[enriquto]

The default behavior of cargo is to download stuff from the internet. This may be the least reproducible thing ever.

I'm honestly astonished that programmers of a language that is deemed to be "safe by default" thought that this behavior was acceptable in any form, not to say the default. If downloading things at build time is somehow necessary, it should be an obscure option behind a flag with a scary name, like --extremely-unsafe-i-know-what-i-am-doing, that prompted the user with a small turing test every time that it is run. Cargo is just bonkers, it doesn't matter at all if it is "convenient" or not. Convenience before basic safety and reproducibility is contrary to the spirit of the language itself.

It's as if bounds checking in the language was deferred to a third party that you need to "trust" in order to believe that you won't have segmentation faults.

[thecrm]

It doesn't just download random things. Cargo generates a Cargo.lock file with checksums and will make sure that those checksums match when building later on. It's about as safe as vendoring all dependencies while being far easier to work with (though tools like cargo-vendor do exist, of course).

Edit: for things like the kernel, vendoring dependencies is still probably not a bad idea, of course

[humanrebar]

What prevents a given URL from disappearing? Does that just break a particular source version of the Linux kernel?

What happens when a given dependency adds new kernel-inappropriate features? Are kernel devs going to act like distro maintainers and decide between forking, maintaining patch sets, etc.?

[roca]

All crate sources are stored in the crates.io package archive, which never deletes packages.

A dependency veering off in a direction you don't like is one of the risks of using someone else's code instead of writing it yourself. Cargo makes it easy to use forked dependencies, and forking a dependency is almost always less work than if you'd never used it and written the code yourself from the beginning. (And to be clear this is only a problem for future evolution; a crate author cannot remove or modify an already-published version of their crate.)

[marginalia_nu]

This is still fairly short sighted. Websites shut down, large websites with big storage demands are especially vulnerable to attrition. Who wants to pay the mounting bill for keeping decades of revisions of historical rust packages online?

I can grab the kernel sources from 1997 and build them today. Will I be able to build rust code from 2022 in 2047, because the 1997 kernel will still build at that date.

[pdw]

"I can grab the kernel sources from 1997 and build them today."

Where would you be grabbing it from? ...From a website? "Websites shut down, large websites with big storage demands are especially vulnerable to attrition. Who wants to pay the mounting bill for keeping decades of revisions of historical Linux kernels online?"

[humanrebar]

You make a copy, store it on your medium if choice, and put it in a filing cabinet. I gather that certain organizations use magnetic tape backups for especially important data. For some organizations and individuals, kernel source code could be that important.

[marginalia_nu]

From <https://mirrors.edge.kernel.org/pub/linux/kernel/>?

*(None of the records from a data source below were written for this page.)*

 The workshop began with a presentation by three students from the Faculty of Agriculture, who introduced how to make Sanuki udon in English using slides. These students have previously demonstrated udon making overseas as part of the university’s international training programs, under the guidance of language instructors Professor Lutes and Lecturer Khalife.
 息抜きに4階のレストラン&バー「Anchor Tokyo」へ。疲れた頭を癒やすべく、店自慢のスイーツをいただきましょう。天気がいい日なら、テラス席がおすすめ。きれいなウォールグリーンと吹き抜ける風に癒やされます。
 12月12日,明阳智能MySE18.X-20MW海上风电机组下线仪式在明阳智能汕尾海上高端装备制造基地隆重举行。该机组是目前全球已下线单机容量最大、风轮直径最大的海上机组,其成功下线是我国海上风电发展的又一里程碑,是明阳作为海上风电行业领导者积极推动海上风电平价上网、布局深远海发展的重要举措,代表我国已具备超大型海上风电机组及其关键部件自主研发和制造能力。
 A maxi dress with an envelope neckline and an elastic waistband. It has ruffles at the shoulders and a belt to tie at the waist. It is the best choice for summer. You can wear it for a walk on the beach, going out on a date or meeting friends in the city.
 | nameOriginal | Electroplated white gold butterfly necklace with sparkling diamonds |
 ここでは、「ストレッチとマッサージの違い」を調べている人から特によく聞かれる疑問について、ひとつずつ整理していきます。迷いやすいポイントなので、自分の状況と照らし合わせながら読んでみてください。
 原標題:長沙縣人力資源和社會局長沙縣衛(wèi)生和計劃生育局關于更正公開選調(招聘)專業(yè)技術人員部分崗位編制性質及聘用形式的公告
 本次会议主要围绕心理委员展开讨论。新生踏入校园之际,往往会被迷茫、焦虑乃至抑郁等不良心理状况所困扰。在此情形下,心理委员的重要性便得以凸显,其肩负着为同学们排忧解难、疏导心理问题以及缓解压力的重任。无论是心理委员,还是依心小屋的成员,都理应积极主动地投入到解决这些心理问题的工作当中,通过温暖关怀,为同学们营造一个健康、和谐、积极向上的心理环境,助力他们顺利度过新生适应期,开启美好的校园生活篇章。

It's easy enough to keep your own website up as long as you want to, the liability is other projects and services, especially when the scope of those services is "archive everything for everyone forever".

[varajelle]

> I can grab the kernel sources from 1997 and build them today.

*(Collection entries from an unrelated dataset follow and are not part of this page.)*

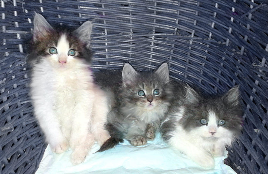 Gattini Norvegesi di due mesi e mezzo, cresciuti in ambiente domestico, ormai già svezzati sverminati e vaccinati, sono abituati alla casa e ai bambini, hanno un carattere molto dolce (li proponiamo anche per semplice compagnia a prezzo ridotto), visibili su appuntamento insieme alla Mammagatta e al Papàgatto ( entrambi pedigree WCF-AFI ).
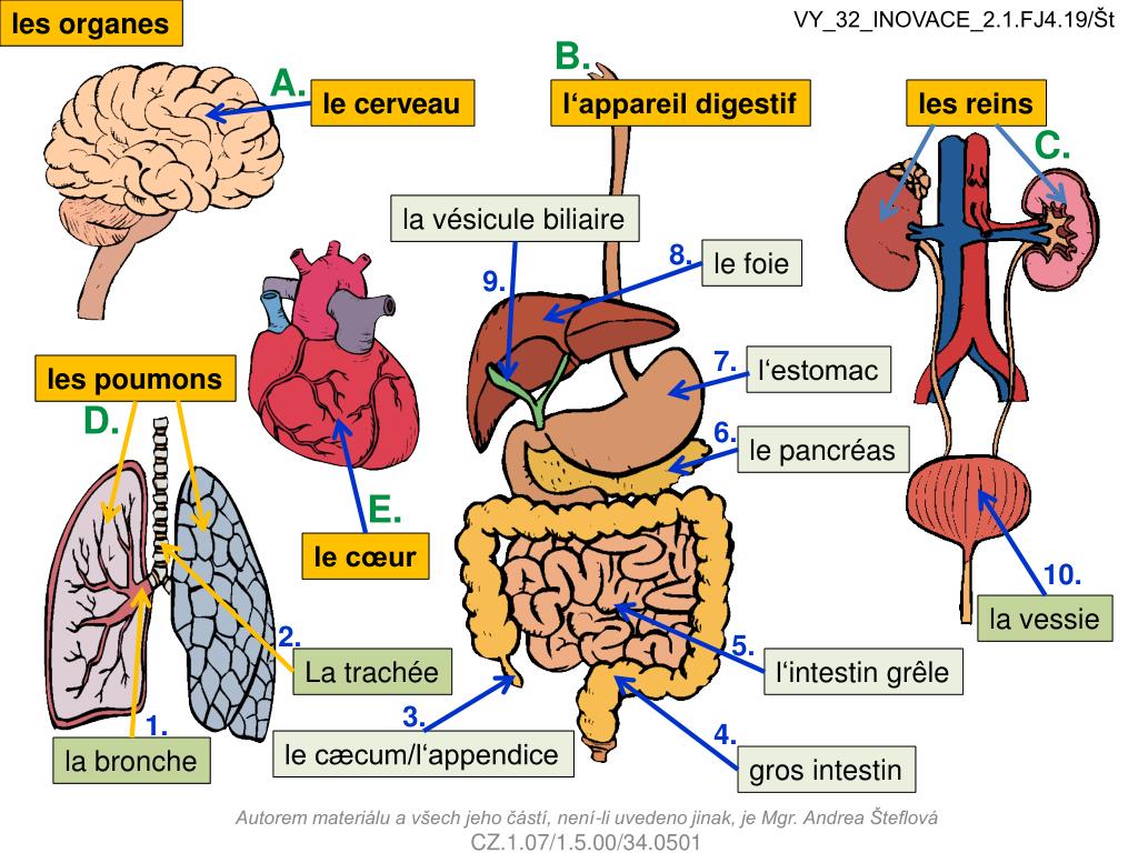 les organes VY_32_INOVACE_2.1.FJ4.19/Št B. A. le cerveau l‘appareil digestif les reins C. la vésicule biliaire 8. le foie 9. 7. l‘estomac les poumons D. 6. le pancréas E. le cœur 10. la vessie 2. 5. La trachée l‘intestin grêle 3. 1. 4. le cæcum/l‘appendice la bronche gros intestin Autorem materiálu a všech jeho částí, není-li uvedeno jinak, je Mgr. Andrea Šteflová CZ.1.07/1.5.00/34.0501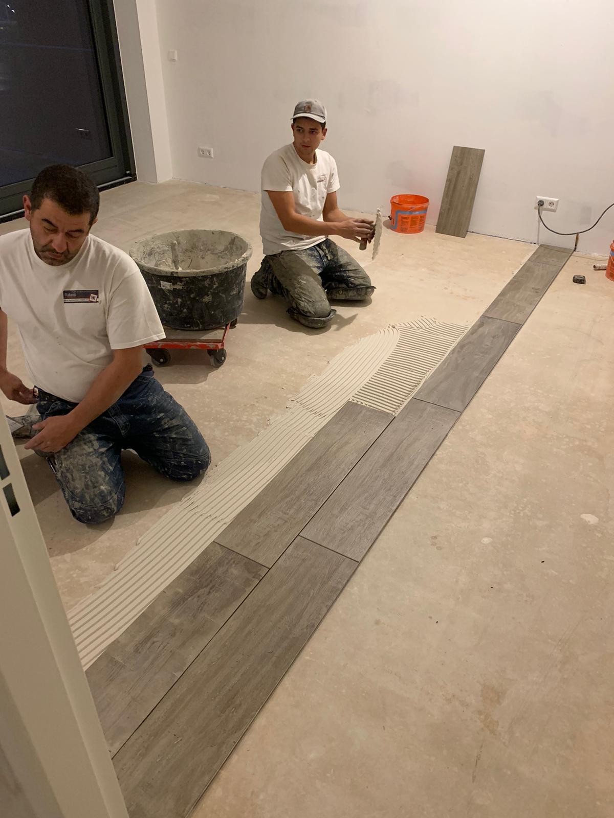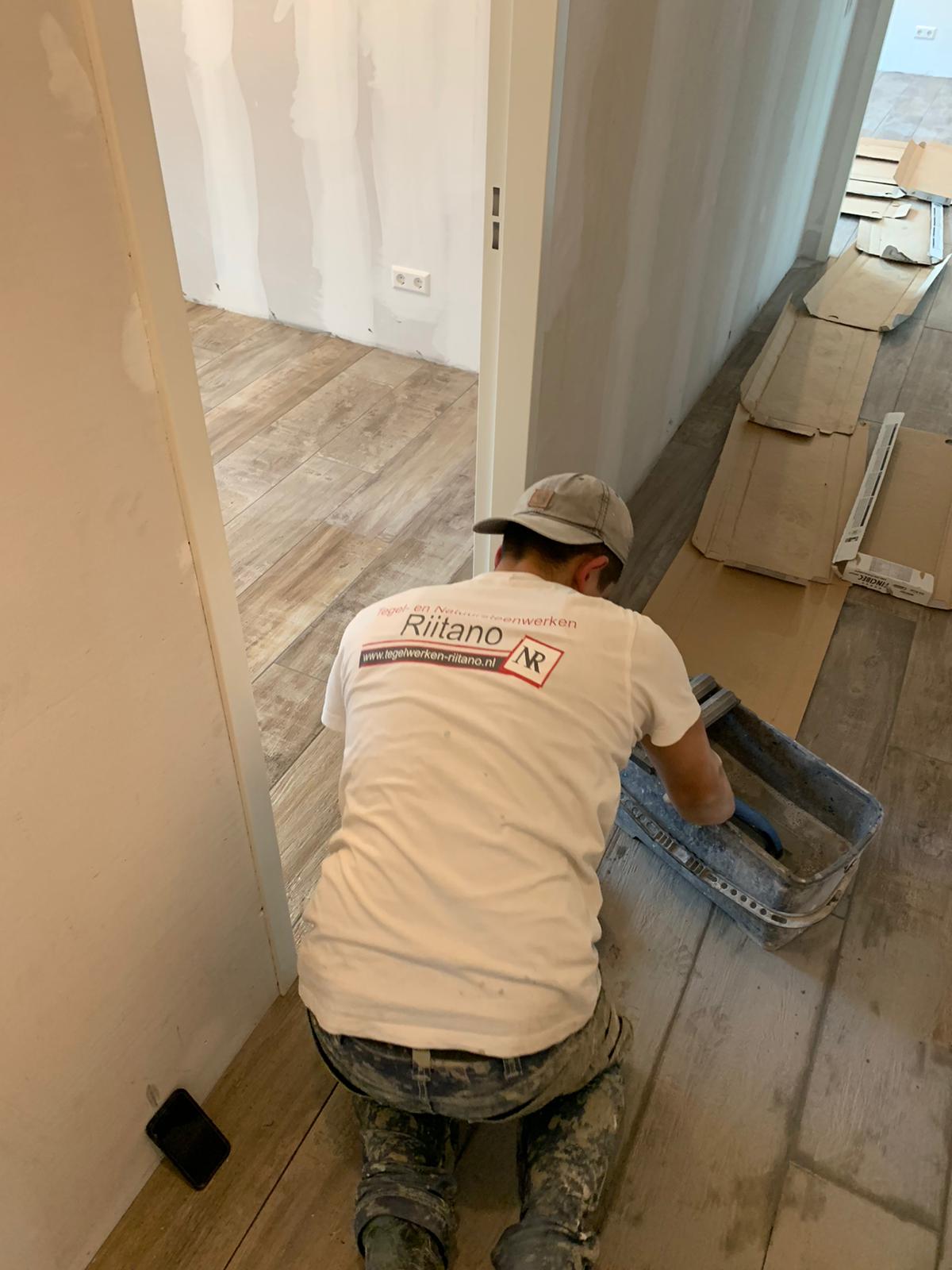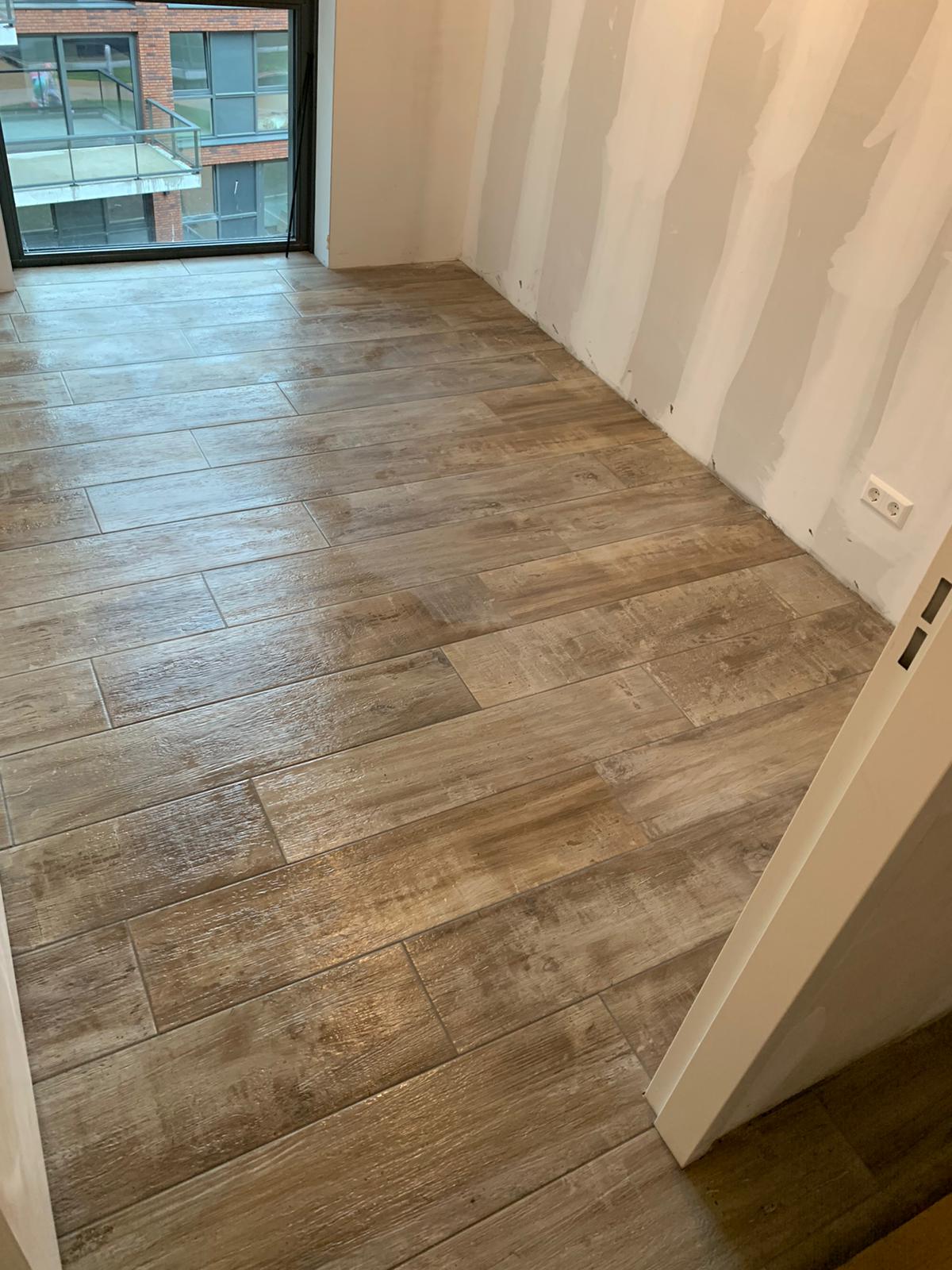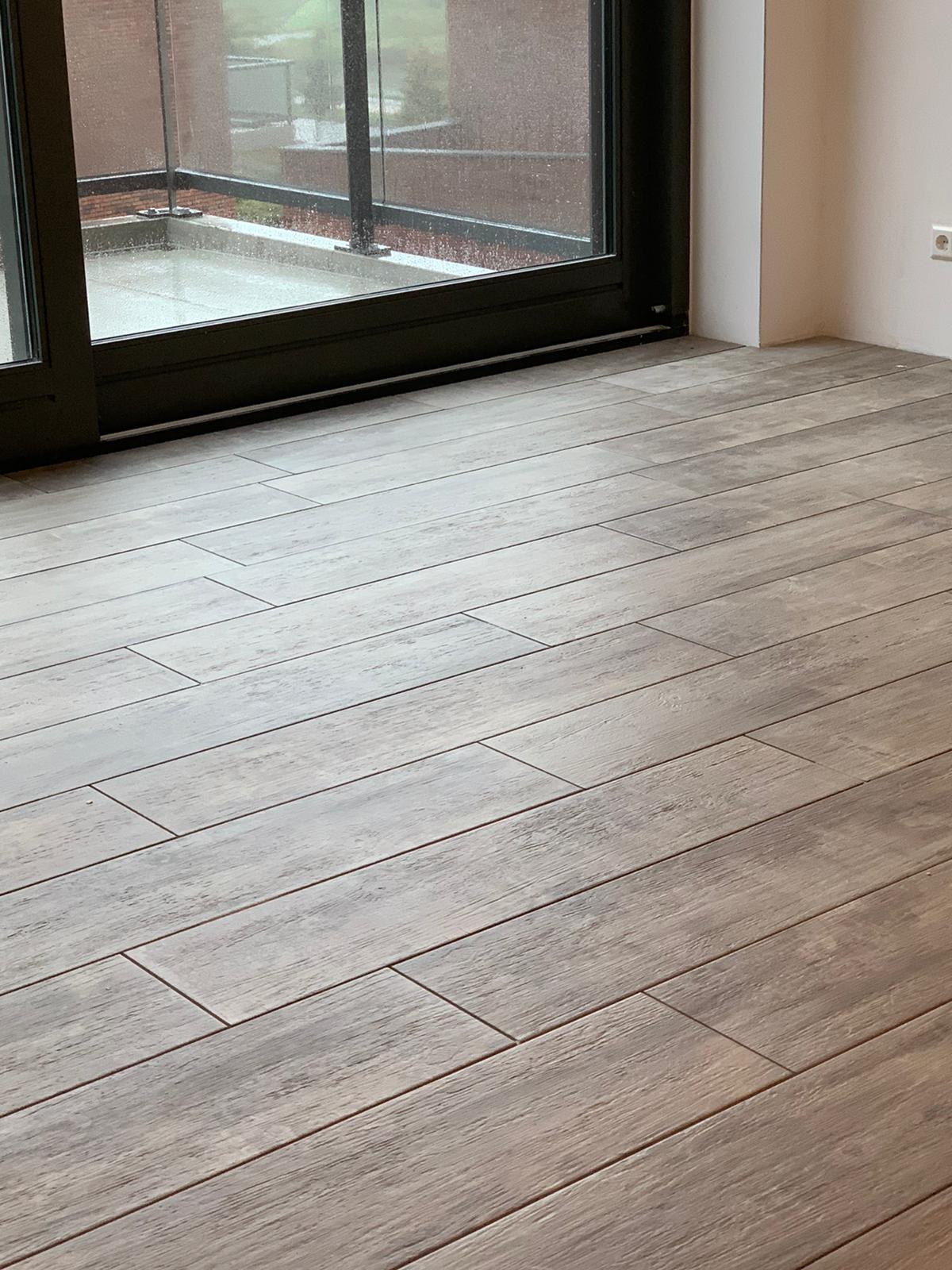 Bij dit project hebben we de keramische vloertegels, in het formaat 23×100, door het hele appartement verwerkt. Als legpatroon is er gekozen voor wildverband. Het afval is door ons meegenomen en afgevoerd.

Can you? Do they still compiler with current compiler? You'll probably need to find a compiler of that time... And also all the interpreter for all the build scripts. Was that using bash or some old Perl? Maybe something more esoteric like m4 or tcl?

The point is that it always had many external dependencies to bootstrap. And adding one is not such a big deal, it just add another thing to archive among the many other things. The crates.io archive is probably not even that big.

[marginalia_nu]

I'm not sure why that would be a problem given most of these languages and standards are older than the Linux kernel. The thing about mature technology is specifically that it doesn't have breaking changes every couple of months. This is the way it used to be for a fairly long time.

But even if it has broken, I can just download an old linux distro. They effectively form a cohesive snapshot of the state of the toolchain whenever they were assembled. Slackware 3.1 from 1996 might be appropriate.

[scns]

I'd rather comment than downvote. Who cares about about a kernel build from 1997 (25 years ago)? What was the hardware back then, Pentium 2? Sorry for the snark in advance but: Why make mountains out of molehills? Life is hard enough as it is.

[marginalia_nu]

You may not own a Pentium 2, but someone might. This is only hard if you make it hard. My that an old Linux kernel, by design, can be built today. This is a feature it has for free, a consequence of not relying on flimsy network based dependency managers.

At any rate, we are indebted to the future to preserve the present, as our past has been preserved for our benefit.

[Gwypaas]

I would imagine the kernel would use cargo vendor, or similar, to lock all dependencies into their chosen source control and quality requirements.

https://doc.rust-lang.org/cargo/commands/cargo-vendor.html

[humanrebar]

"Never" is a long time, just saying. It'll be impossible to beat the "availability" guarantees of a local mirror (like a thumb drive) of a kernel source tarball.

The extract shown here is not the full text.